### Exercise goal
The line with "LP express, Omniva" marks the first line to copy, and the line with "Ervina, guru Champion" marks the last. Transcribe that stretch of the data below exactly, without pictures.

### Exercise data
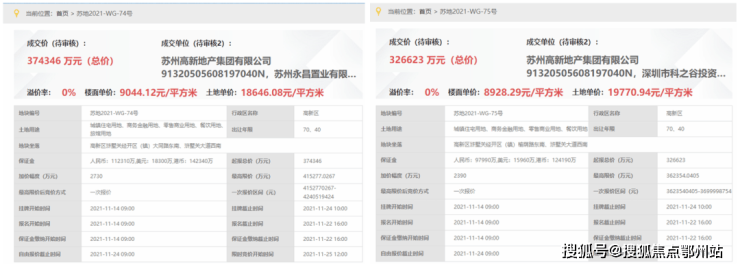 苏地2021-WG-74号地块,以底价374346万元成交,楼面价9044元/平;
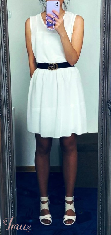 LP express, Omniva +2.50 €. Krūtinė - 90 cm (pasitempia iki 110 cm), liemuo (gumytė) - 60 cm (pasitempia iki 110 cm), ilgis - 93 cm. Diržas neparduodamas.
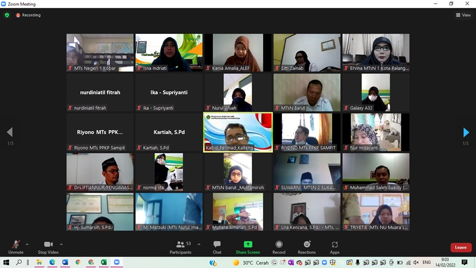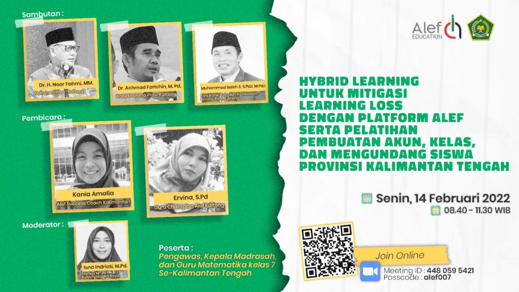 Ervina, guru Champion Alef wilayah Kalimantan Tengah menjadi narasumber dalam kegiatan sosialisasi Platform Alef kepada guru Matematika kelas 7 se-Kalimantan Tengah. Kegiatan ini diselenggarakan secara virtual melalui zoom meeting oleh Pendidikan Madrasah Kanwil Kementerian Agama Provinsi Kalimantan Tengah pada hari Senin, 14 Februari 2022, mulai pukul 09.00 hingga 11.30 WIB. Hadir dalam kegiatan tersebut, para kepala madrasah dan pengawas dari seluruh kabupaten dan kota.
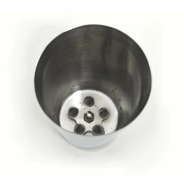 Taking the essential cocktail shaker to another level, these Spiked Ice Chipping Shaker Tins have five metal spikes attached to the bottom, allowing you to easily muddle and chip ice on the shake. No more diluted drinks and unnecessary steps, these durable stainless steel tins give you added efficiency, saving you time.

### Exercise output
 LP express, Omniva +2.50 €. Krūtinė - 90 cm (pasitempia iki 110 cm), liemuo (gumytė) - 60 cm (pasitempia iki 110 cm), ilgis - 93 cm. Diržas neparduodamas.
 Ervina, guru Champion Alef wilayah Kalimantan Tengah menjadi narasumber dalam kegiatan sosialisasi Platform Alef kepada guru Matematika kelas 7 se-Kalimantan Tengah. Kegiatan ini diselenggarakan secara virtual melalui zoom meeting oleh Pendidikan Madrasah Kanwil Kementerian Agama Provinsi Kalimantan Tengah pada hari Senin, 14 Februari 2022, mulai pukul 09.00 hingga 11.30 WIB. Hadir dalam kegiatan tersebut, para kepala madrasah dan pengawas dari seluruh kabupaten dan kota.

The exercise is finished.